Work to be completed
Take the entries below and write them out exactly, with each picture removed.

-----

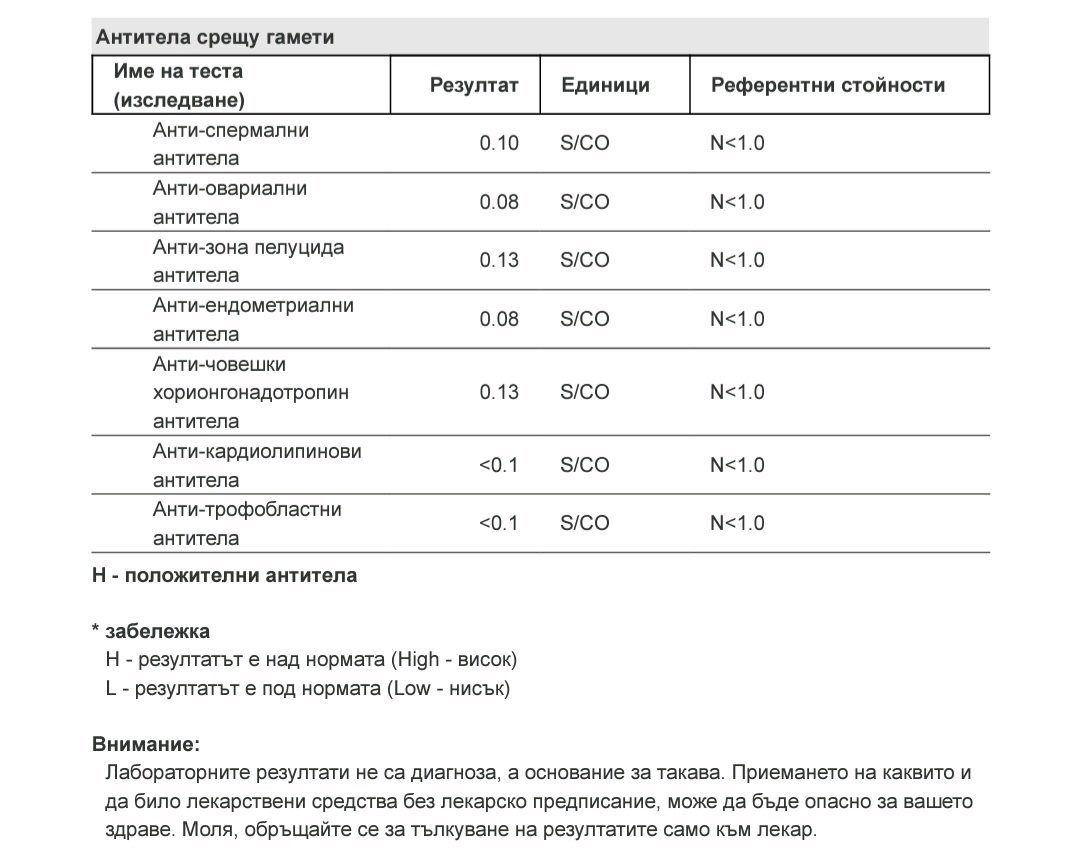 Това са част от изследванията ми, извън спермограма, хламидия, фемифлор и други подобни. Защото ме питате за ембриотоксини и имунологични, горе долу това имам, като даже част от тях не знам какви са точно. Просто са ми наред.
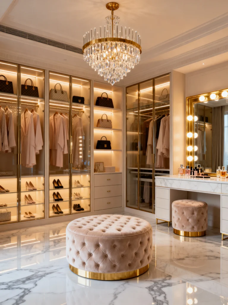The vanity area with the Hollywood-style bulb mirror is every makeup lover’s dream. It provides the perfect even lighting for getting ready. If you want this look, prioritize reflective surfaces—glass, marble, and polished gold—to bounce light around and create that “shining” effect.
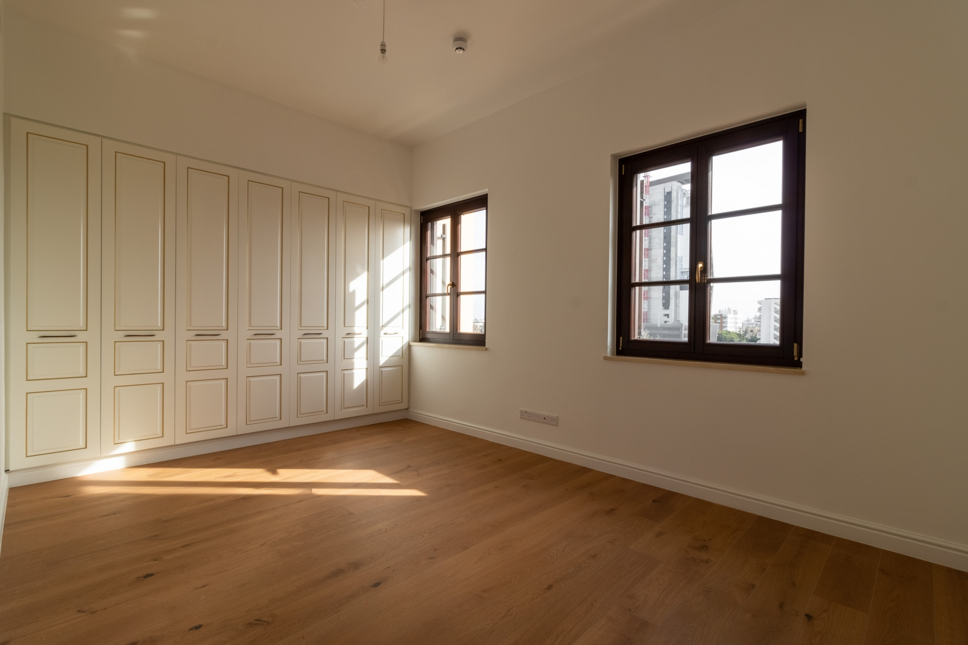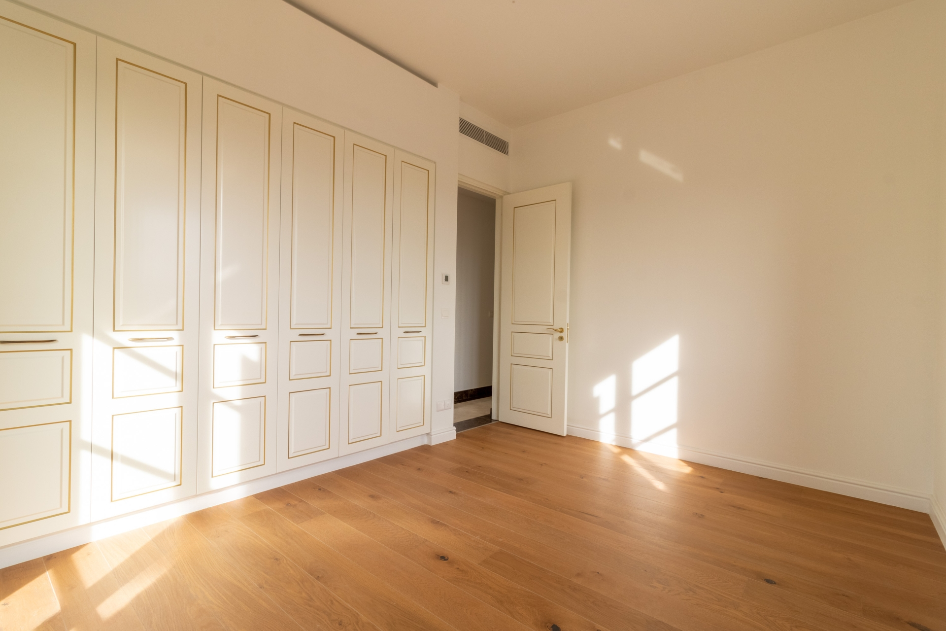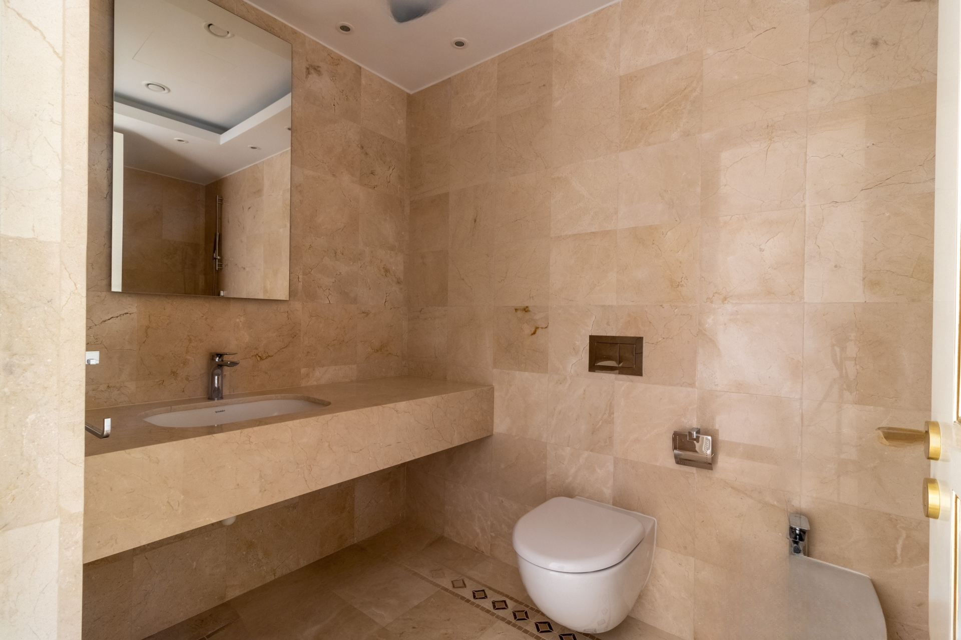 Здание состоит из пяти просторных квартир с 3 и 4 спальнями. В центре комплекса находятся общий бассейн, тренажерный зал и сауна. Квартира оборудована системой умный дом, подогревом пола и кондиционированием VRV. Полы в гостиной и спальне выложены качественным мрамором, гранитом с мозаикой и деревянным паркетом.
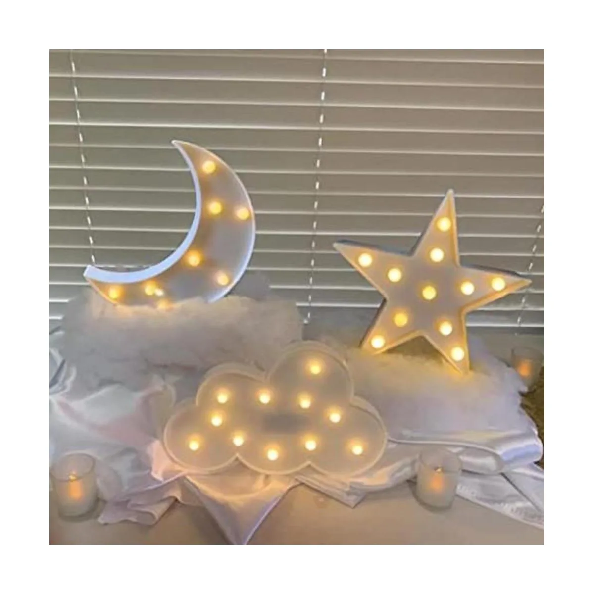 ZUOVAOV Stars, Moon and Clouds Logo Night Light, Cute Baby Room Decoration Night Light, Party Party Shiny Decorative Ornament. White Star Moon Cloud
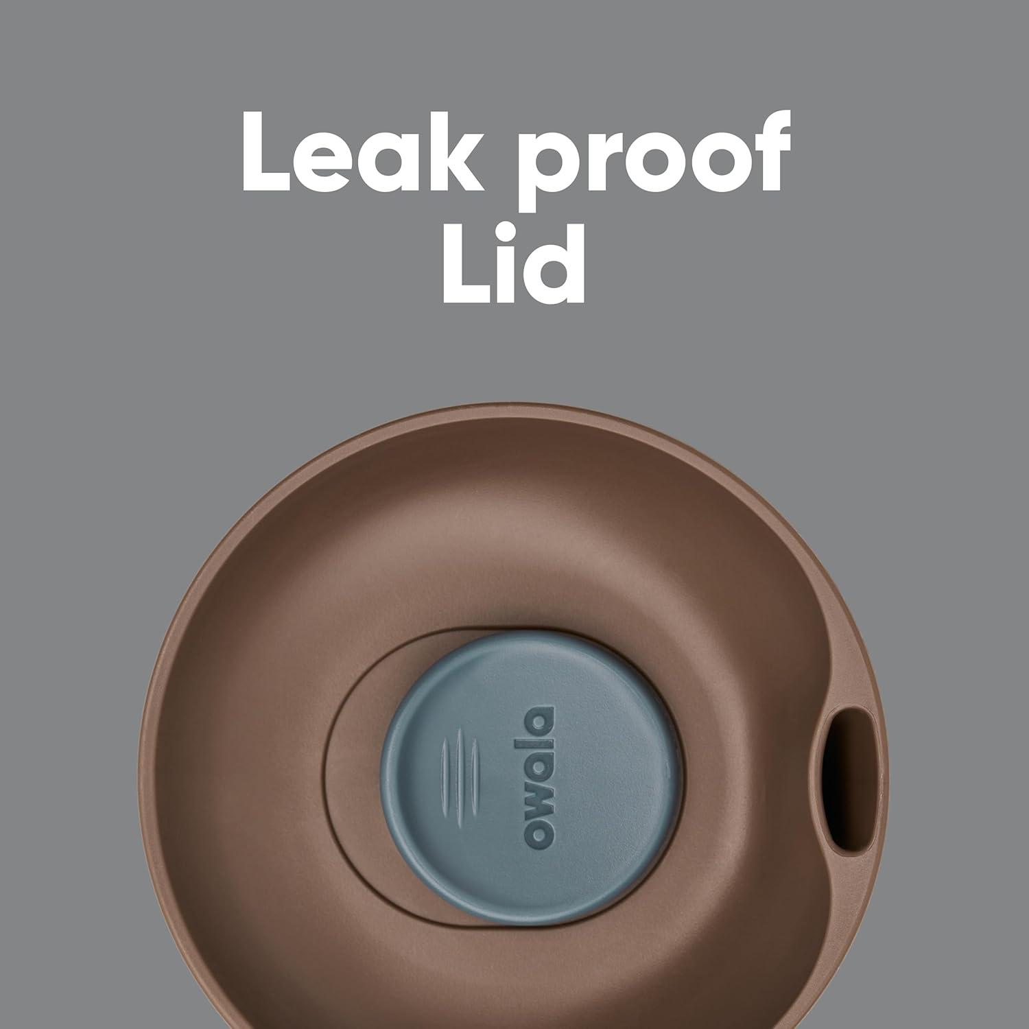Owala SmoothSip Slider Insulated Stainless Steel Coffee Tumbler, Reusable Iced Coffee Cup, Hot Coffee Travel Mug, BPA Free 12 oz, Grey/Brown (Cozy Cocoa)
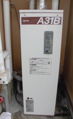 長く使ってきた石油ふろ給湯器から水漏れがあり交換することとした
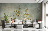 Bring a touch of serenity to your home with this delicate botanical design. Fine, golden wisps dance across a soft, textured background, offering a tranquil and organic feel. It blends subtle shades of beige, pale blue, and gold to create a calm atmosphere. Use this wallpaper for walls in bedrooms, living rooms, or hallways to cultivate a serene ambiance. Its neutral palette ensures it pairs well with various interior styles.
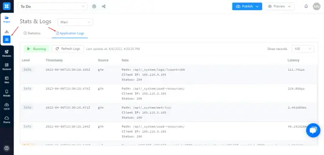Каждый проект AppMaster поддерживает стандартное логирование. Для работы с логами перейдите во вкладку Project / Deploy Stats. Здесь во вкладке Application Logs вы найдете все логи вашего приложения.
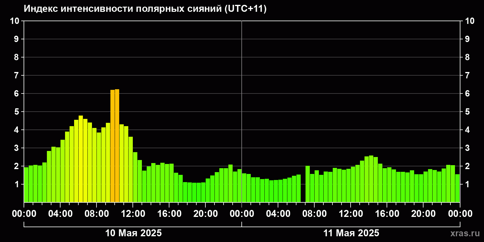 Изменения индекса интенсивности полярных сияний с 2025-05-10 по 2025-05-11 по местному времени

-----

Solution to the exercise
 Това са част от изследванията ми, извън спермограма, хламидия, фемифлор и други подобни. Защото ме питате за ембриотоксини и имунологични, горе долу това имам, като даже част от тях не знам какви са точно. Просто са ми наред.
The vanity area with the Hollywood-style bulb mirror is every makeup lover’s dream. It provides the perfect even lighting for getting ready. If you want this look, prioritize reflective surfaces—glass, marble, and polished gold—to bounce light around and create that “shining” effect.
 Здание состоит из пяти просторных квартир с 3 и 4 спальнями. В центре комплекса находятся общий бассейн, тренажерный зал и сауна. Квартира оборудована системой умный дом, подогревом пола и кондиционированием VRV. Полы в гостиной и спальне выложены качественным мрамором, гранитом с мозаикой и деревянным паркетом.
 ZUOVAOV Stars, Moon and Clouds Logo Night Light, Cute Baby Room Decoration Night Light, Party Party Shiny Decorative Ornament. White Star Moon Cloud
Owala SmoothSip Slider Insulated Stainless Steel Coffee Tumbler, Reusable Iced Coffee Cup, Hot Coffee Travel Mug, BPA Free 12 oz, Grey/Brown (Cozy Cocoa)
 長く使ってきた石油ふろ給湯器から水漏れがあり交換することとした
 Bring a touch of serenity to your home with this delicate botanical design. Fine, golden wisps dance across a soft, textured background, offering a tranquil and organic feel. It blends subtle shades of beige, pale blue, and gold to create a calm atmosphere. Use this wallpaper for walls in bedrooms, living rooms, or hallways to cultivate a serene ambiance. Its neutral palette ensures it pairs well with various interior styles.
Каждый проект AppMaster поддерживает стандартное логирование. Для работы с логами перейдите во вкладку Project / Deploy Stats. Здесь во вкладке Application Logs вы найдете все логи вашего приложения.
 Изменения индекса интенсивности полярных сияний с 2025-05-10 по 2025-05-11 по местному времени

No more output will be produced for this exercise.